• STORED DATA
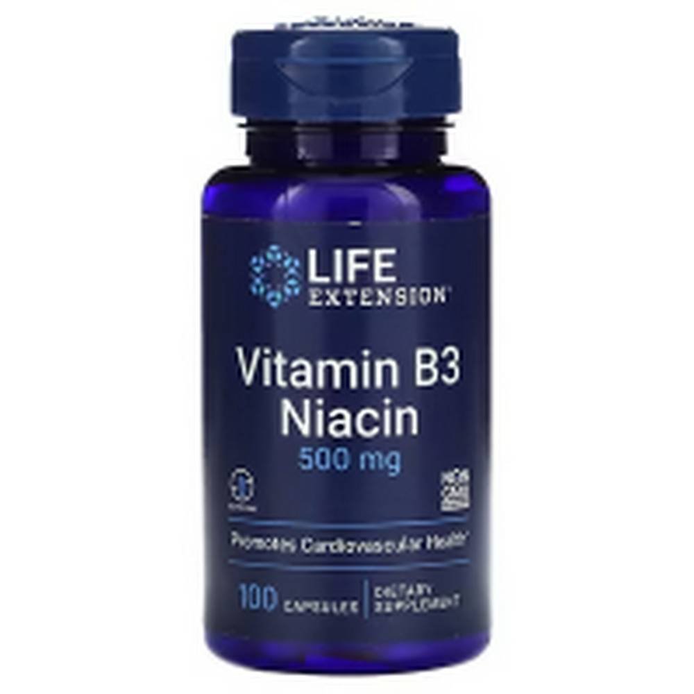 Life Extension, Vitamin B3, Niacin, 500 mg, heart health, cholesterol support, energy production, circulation, non-GMO, gluten-free.
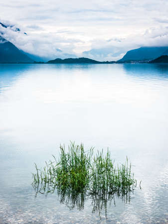 Italy view of a mountain lake lago di summer in cloudy weather.
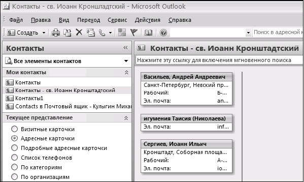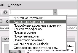 Чтобы увидеть контакты упорядоченными по категориям, найдите на панели задач небольшое меню со словами «Адресные карточки». Это меню переключения пользовательских представлений.

• WHAT THE TASK REQUIRES
With all pictures left out, please transcribe exactly the lines from the start of the material through the line with "Italy view of".

• EXERCISE ANSWER
 Life Extension, Vitamin B3, Niacin, 500 mg, heart health, cholesterol support, energy production, circulation, non-GMO, gluten-free.
 Italy view of a mountain lake lago di summer in cloudy weather.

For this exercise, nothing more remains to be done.